ItalianPlatinum
Well-known Member
- Joined
- Mar 23, 2017
- Messages
- 880
- Office Version
- 365
- 2019
- Platform
- Windows
Hello - I am looking for a way to open a file that is the most recent. I have code to open the file if it is a partial file but I have a new issue where there are two versions that were saved and just want the most recent one opened. Is someone able to assist? I would like to use the below still cause it is embedded all over my macro
VBA Code:
Function OpenCopyST() As Boolean
Dim sPath As String
Dim sPartial As String
Dim sFName As String
sPath = "\\xxxxxx\xxxx$\xxxx\xxxx\xxx xxxx\" ' <<<<< change accordingly
sPartial = "vi_j_dt_dist_" & Year(Now) & IIf(Len(Month(Now)) = 1, "0" & Month(Now), Month(Now)) & IIf(Len(Day(Now)) = 1, "0" & Day(Now), Day(Now)) & "*.txt"

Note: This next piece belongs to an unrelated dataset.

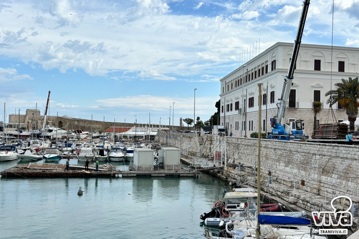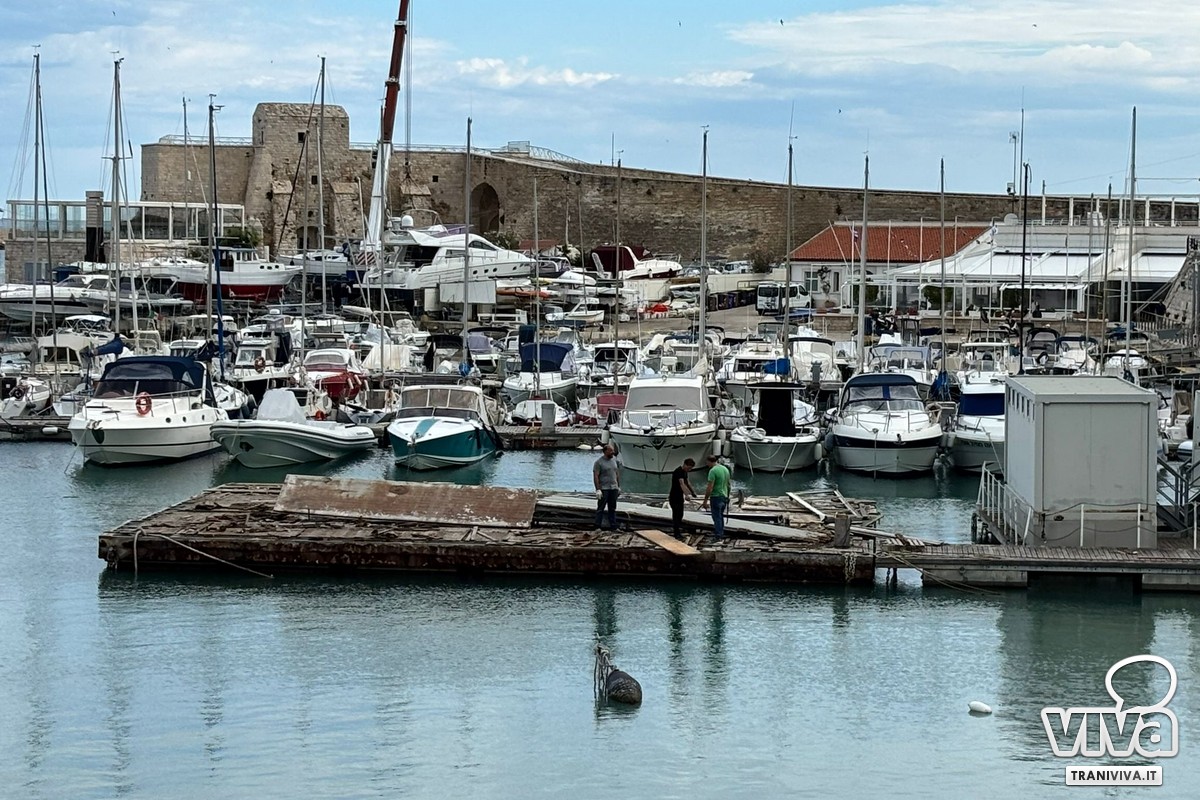 Di quel ristorante galleggiante è rimasto solo il ricordo: e da oggi anche la pedana della struttura che negli anni era stata utilizzata come deposito per sub e diportisti, trasformandosi in un luogo fatiscente a contrasto con la bellezza del panorama del porto di Trani, sarà dimenticata. I lavori sono cominciati questa mattina e in molti si chiedono se per l'area sono in vista nuovi progetti per la valorizzazione di uno dei porti considerati tra i più suggestivi in Italia.

sFName = Dir(sPath & sPartial)
If Len(sFName) > 0 Then
Workbooks.OpenText sPath & sFName, DataType:=xlDelimited, _
TextQualifier:=xlDoubleQuote, ConsecutiveDelimiter:=False, Tab:=False, _
Semicolon:=False, Comma:=True, Space:=False, Other:=False, FieldInfo _
:=Array(Array(1, 1), Array(2, 1), Array(3, 1), Array(4, 1), Array(5, 1), Array(6, 1), _
Array(7, 1), Array(8, 2)), TrailingMinusNumbers:=True
OpenCopyST = True
Else
OpenCopyST = False
End If
End Function